__Directions for this task__. Leave every picture out and give back the lines below from the first through the line that holds "新浪外汇消息2026年01月", exactly as written.

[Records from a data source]
-------------------------
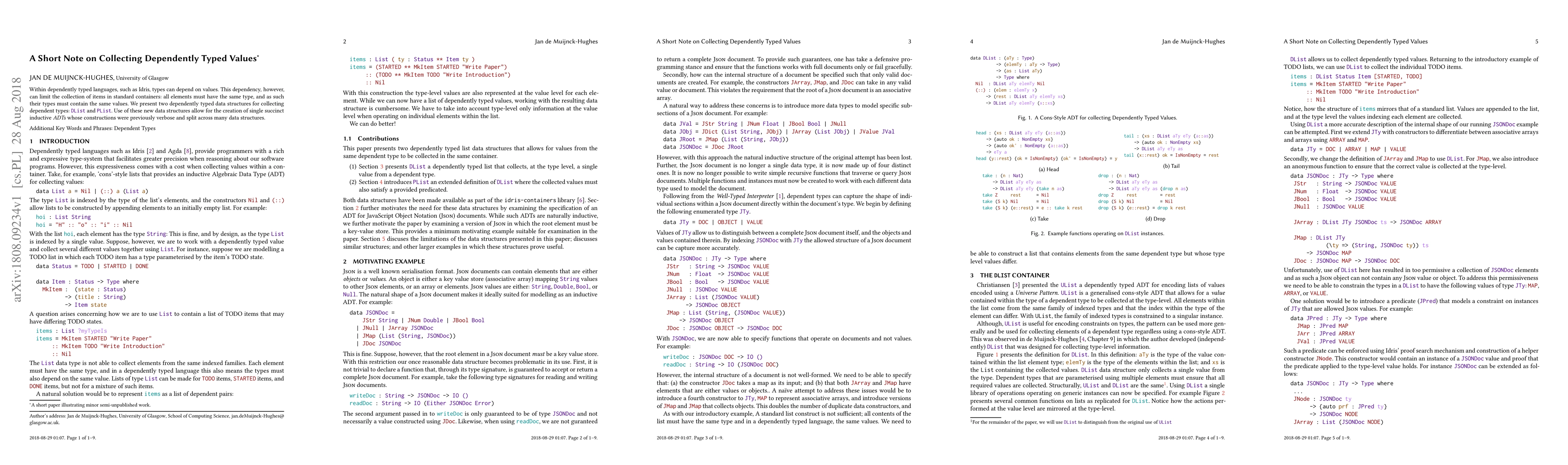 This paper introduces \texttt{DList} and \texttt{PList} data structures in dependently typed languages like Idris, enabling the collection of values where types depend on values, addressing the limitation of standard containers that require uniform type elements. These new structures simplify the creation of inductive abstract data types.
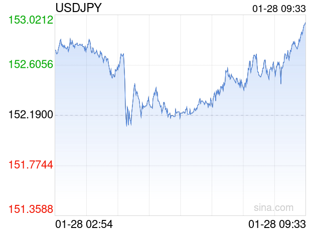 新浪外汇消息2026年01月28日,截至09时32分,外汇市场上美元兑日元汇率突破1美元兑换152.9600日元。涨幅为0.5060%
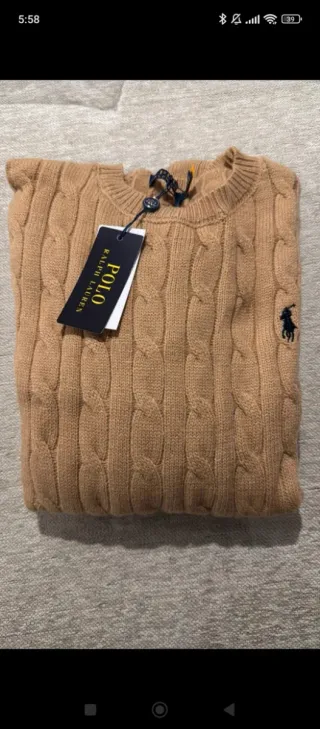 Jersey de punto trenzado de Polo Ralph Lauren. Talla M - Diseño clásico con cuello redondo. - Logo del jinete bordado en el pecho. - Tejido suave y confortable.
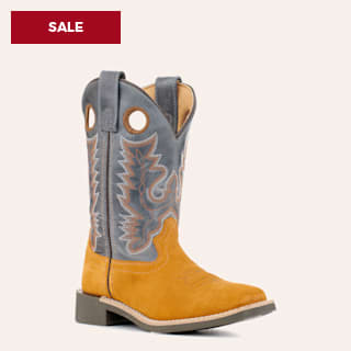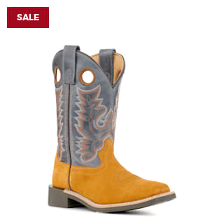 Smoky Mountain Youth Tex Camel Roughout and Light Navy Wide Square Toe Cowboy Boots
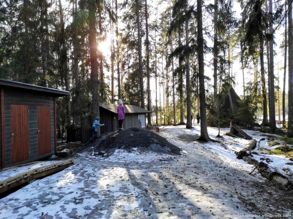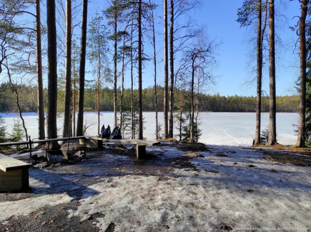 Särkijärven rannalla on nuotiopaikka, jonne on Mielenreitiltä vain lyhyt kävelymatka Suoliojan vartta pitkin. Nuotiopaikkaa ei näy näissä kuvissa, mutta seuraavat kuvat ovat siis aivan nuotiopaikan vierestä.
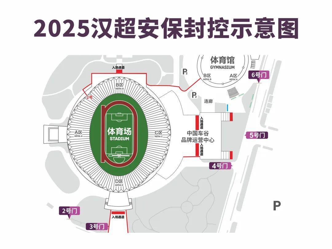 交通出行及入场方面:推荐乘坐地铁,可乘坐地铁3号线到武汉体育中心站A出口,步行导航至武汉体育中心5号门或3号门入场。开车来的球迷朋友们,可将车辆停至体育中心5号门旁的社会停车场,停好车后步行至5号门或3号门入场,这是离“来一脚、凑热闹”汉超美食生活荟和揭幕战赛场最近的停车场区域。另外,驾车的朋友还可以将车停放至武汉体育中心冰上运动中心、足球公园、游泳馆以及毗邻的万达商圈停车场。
-------------------------
__Solution to the exercise__.
 This paper introduces \texttt{DList} and \texttt{PList} data structures in dependently typed languages like Idris, enabling the collection of values where types depend on values, addressing the limitation of standard containers that require uniform type elements. These new structures simplify the creation of inductive abstract data types.
 新浪外汇消息2026年01月28日,截至09时32分,外汇市场上美元兑日元汇率突破1美元兑换152.9600日元。涨幅为0.5060%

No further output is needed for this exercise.